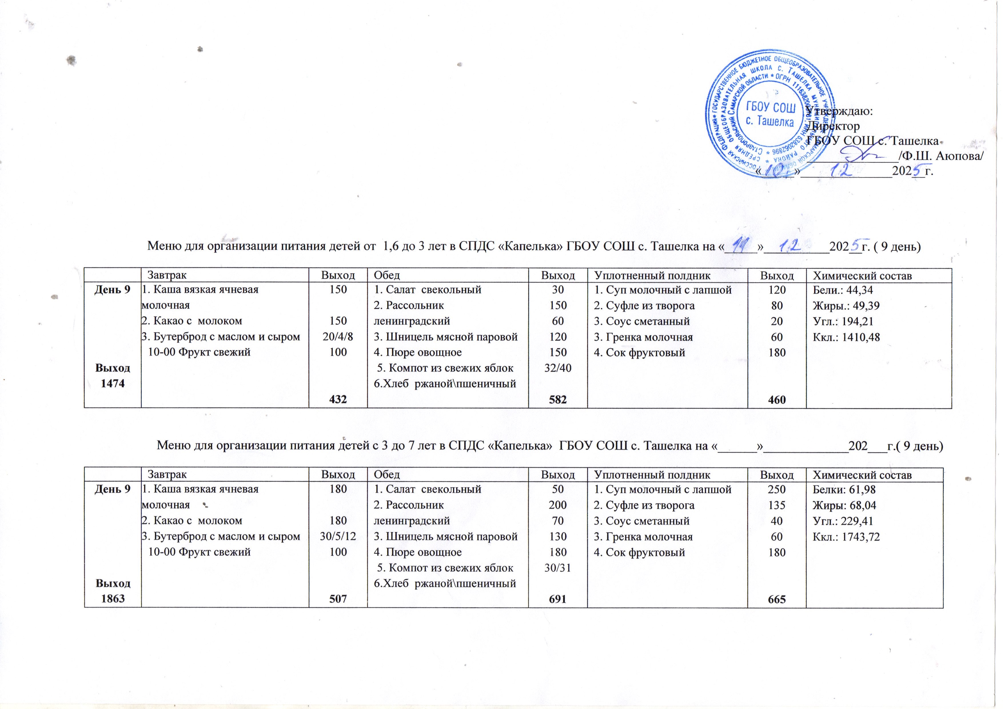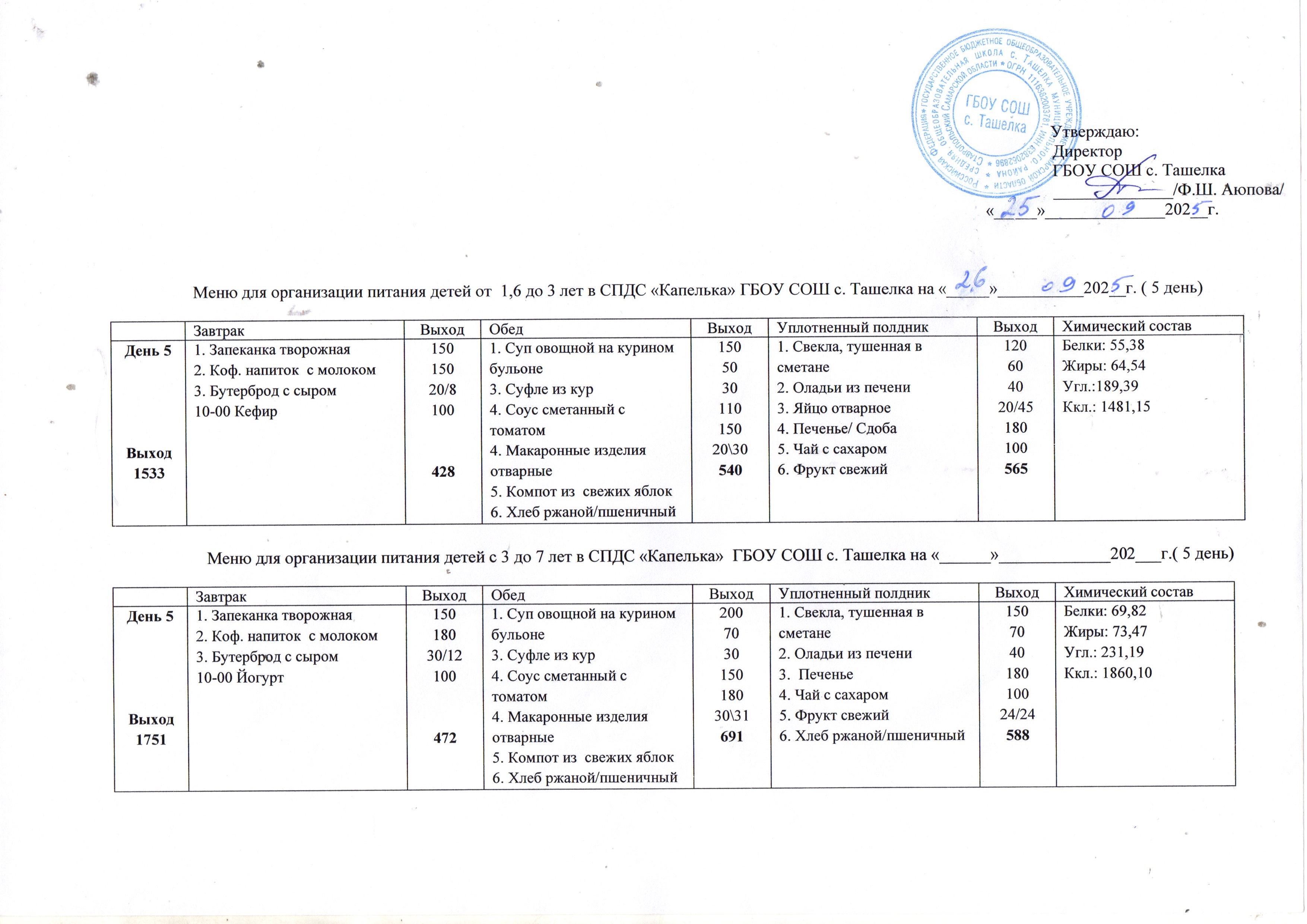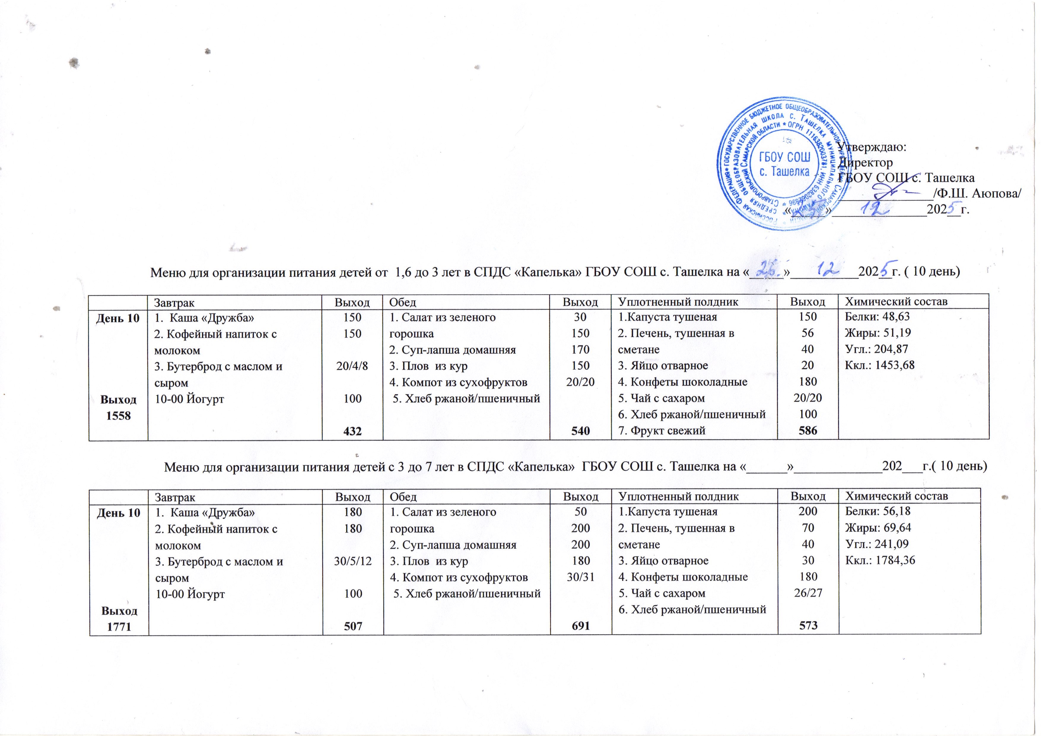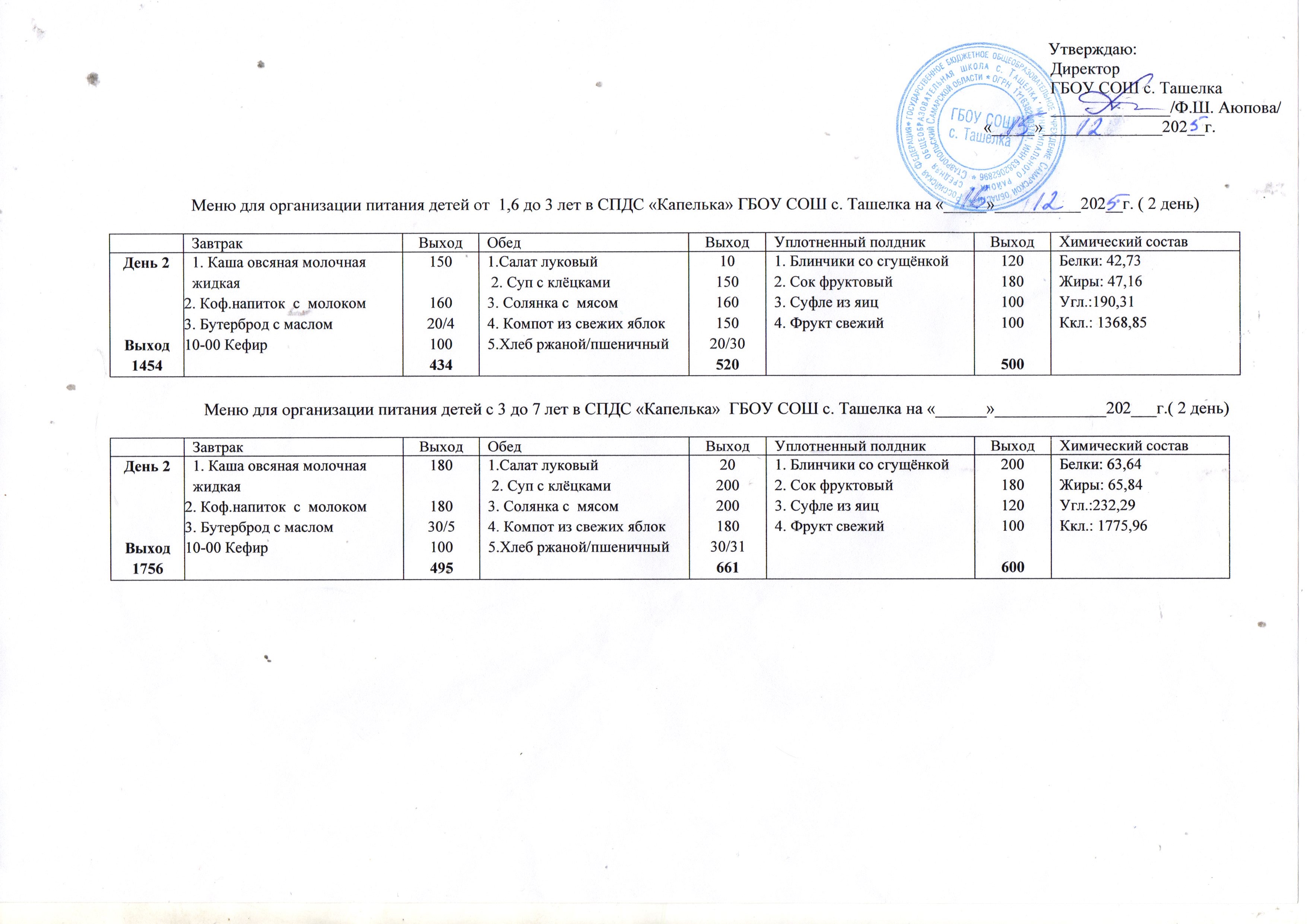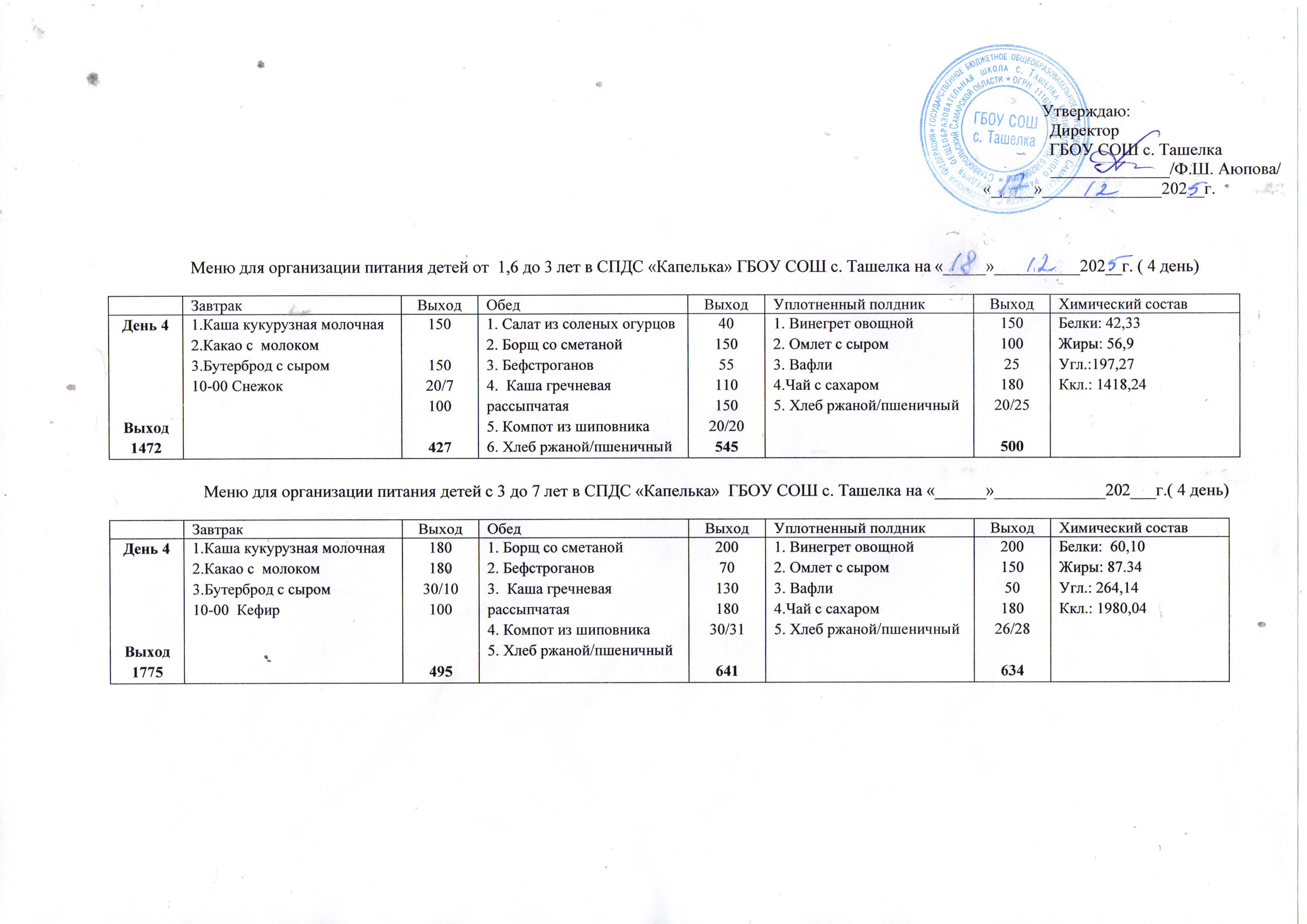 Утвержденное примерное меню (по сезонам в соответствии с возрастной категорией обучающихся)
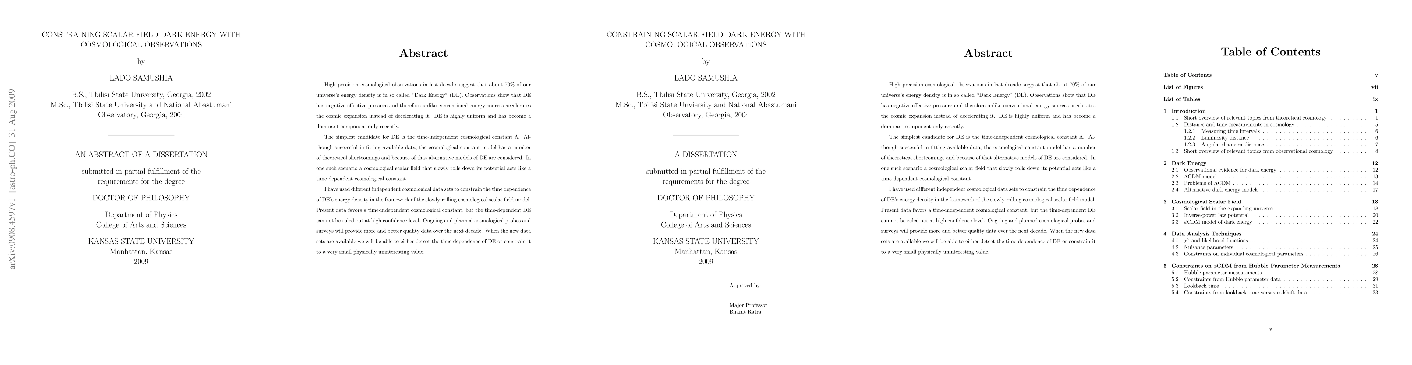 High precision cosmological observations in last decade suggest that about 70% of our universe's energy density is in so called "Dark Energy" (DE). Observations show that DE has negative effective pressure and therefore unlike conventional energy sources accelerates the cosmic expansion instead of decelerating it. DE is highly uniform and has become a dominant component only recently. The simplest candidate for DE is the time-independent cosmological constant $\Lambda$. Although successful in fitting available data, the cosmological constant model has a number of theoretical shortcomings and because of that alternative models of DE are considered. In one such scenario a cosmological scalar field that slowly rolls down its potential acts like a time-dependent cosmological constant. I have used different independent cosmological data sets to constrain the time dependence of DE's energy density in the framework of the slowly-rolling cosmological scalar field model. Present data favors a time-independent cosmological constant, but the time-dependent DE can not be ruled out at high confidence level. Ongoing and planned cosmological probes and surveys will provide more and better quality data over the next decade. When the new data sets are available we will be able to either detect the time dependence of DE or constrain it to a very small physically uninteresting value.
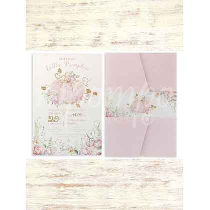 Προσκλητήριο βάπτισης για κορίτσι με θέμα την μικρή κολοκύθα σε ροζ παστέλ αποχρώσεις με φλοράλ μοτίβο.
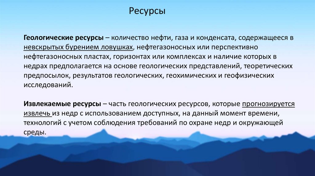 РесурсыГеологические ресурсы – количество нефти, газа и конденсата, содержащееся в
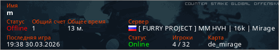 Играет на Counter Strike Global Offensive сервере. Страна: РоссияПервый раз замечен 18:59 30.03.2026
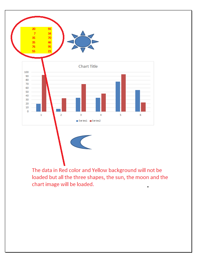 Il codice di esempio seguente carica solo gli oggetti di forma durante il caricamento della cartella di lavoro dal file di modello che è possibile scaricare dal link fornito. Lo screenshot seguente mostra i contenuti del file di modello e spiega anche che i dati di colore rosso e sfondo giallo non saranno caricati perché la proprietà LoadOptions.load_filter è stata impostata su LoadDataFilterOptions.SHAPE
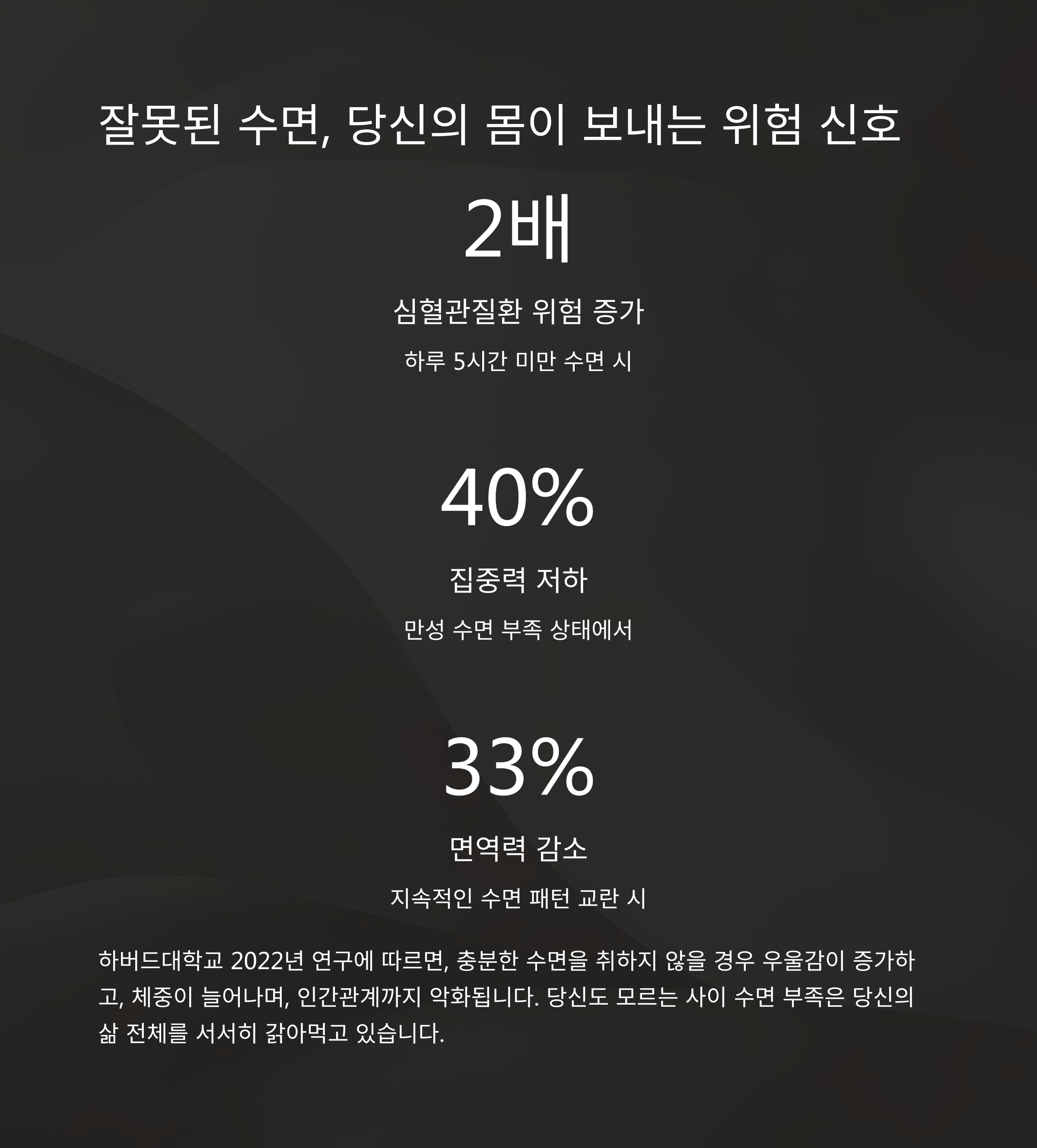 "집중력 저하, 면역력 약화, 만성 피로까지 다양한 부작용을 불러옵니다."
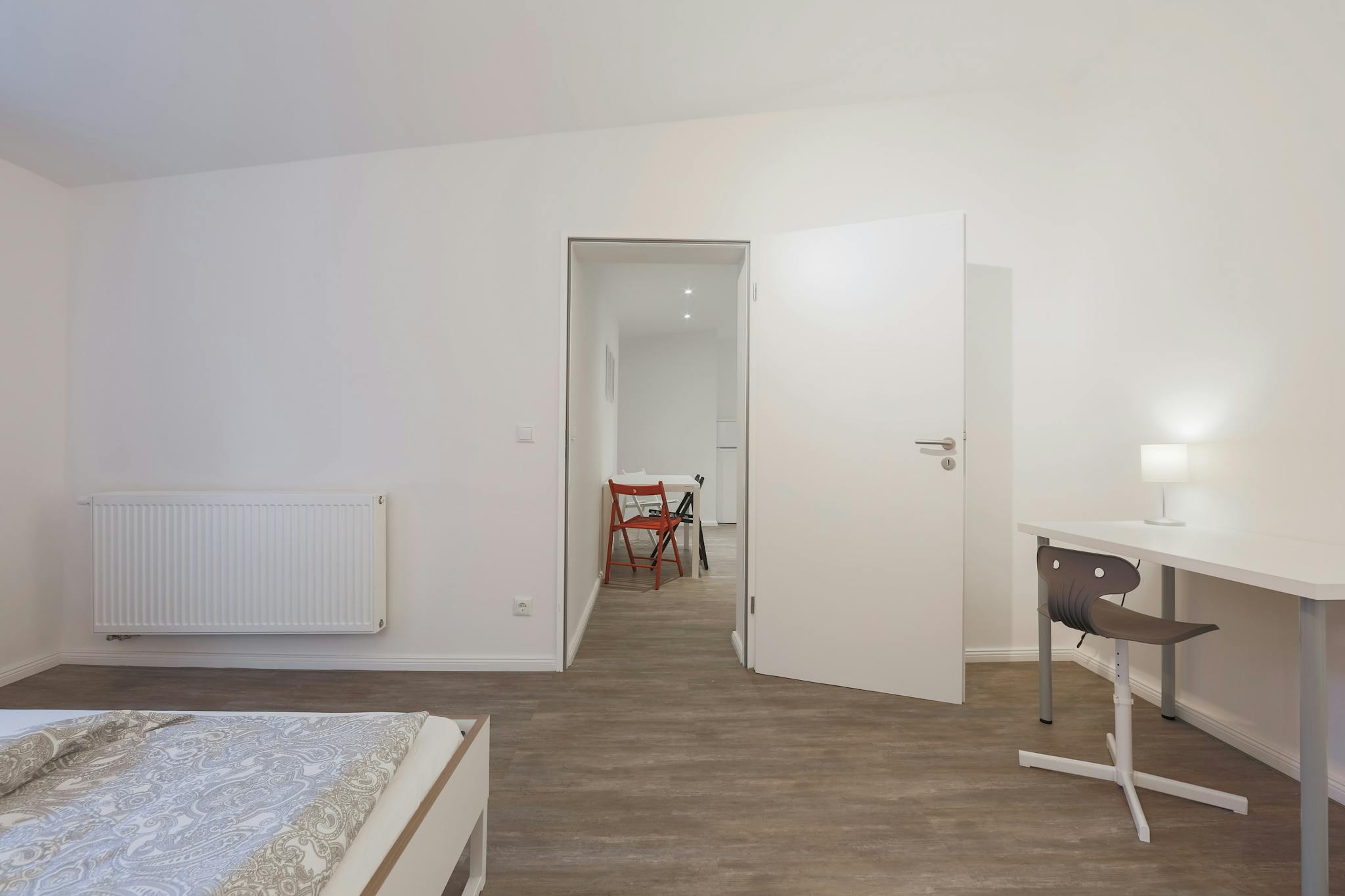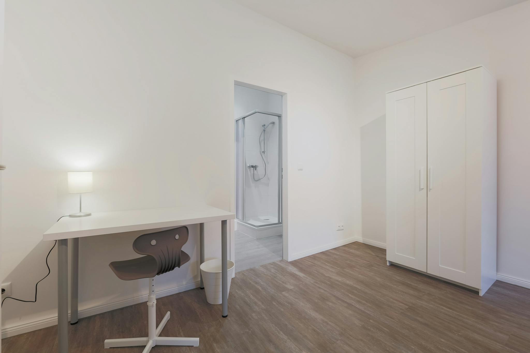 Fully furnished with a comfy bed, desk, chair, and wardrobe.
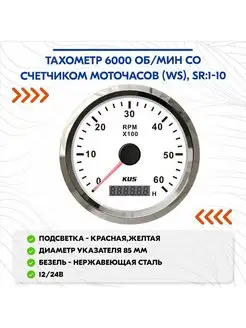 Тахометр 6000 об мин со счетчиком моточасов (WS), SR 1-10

^^^^^^^^

* **PROBLEM TO SOLVE**
Could you copy every record above exactly, leaving out the pictures?

* **ANSWER BELOW**
 Утвержденное примерное меню (по сезонам в соответствии с возрастной категорией обучающихся)
 High precision cosmological observations in last decade suggest that about 70% of our universe's energy density is in so called "Dark Energy" (DE). Observations show that DE has negative effective pressure and therefore unlike conventional energy sources accelerates the cosmic expansion instead of decelerating it. DE is highly uniform and has become a dominant component only recently. The simplest candidate for DE is the time-independent cosmological constant $\Lambda$. Although successful in fitting available data, the cosmological constant model has a number of theoretical shortcomings and because of that alternative models of DE are considered. In one such scenario a cosmological scalar field that slowly rolls down its potential acts like a time-dependent cosmological constant. I have used different independent cosmological data sets to constrain the time dependence of DE's energy density in the framework of the slowly-rolling cosmological scalar field model. Present data favors a time-independent cosmological constant, but the time-dependent DE can not be ruled out at high confidence level. Ongoing and planned cosmological probes and surveys will provide more and better quality data over the next decade. When the new data sets are available we will be able to either detect the time dependence of DE or constrain it to a very small physically uninteresting value.
 Προσκλητήριο βάπτισης για κορίτσι με θέμα την μικρή κολοκύθα σε ροζ παστέλ αποχρώσεις με φλοράλ μοτίβο.
 РесурсыГеологические ресурсы – количество нефти, газа и конденсата, содержащееся в
 Играет на Counter Strike Global Offensive сервере. Страна: РоссияПервый раз замечен 18:59 30.03.2026
 Il codice di esempio seguente carica solo gli oggetti di forma durante il caricamento della cartella di lavoro dal file di modello che è possibile scaricare dal link fornito. Lo screenshot seguente mostra i contenuti del file di modello e spiega anche che i dati di colore rosso e sfondo giallo non saranno caricati perché la proprietà LoadOptions.load_filter è stata impostata su LoadDataFilterOptions.SHAPE
 "집중력 저하, 면역력 약화, 만성 피로까지 다양한 부작용을 불러옵니다."
 Fully furnished with a comfy bed, desk, chair, and wardrobe.
 Тахометр 6000 об мин со счетчиком моточасов (WS), SR 1-10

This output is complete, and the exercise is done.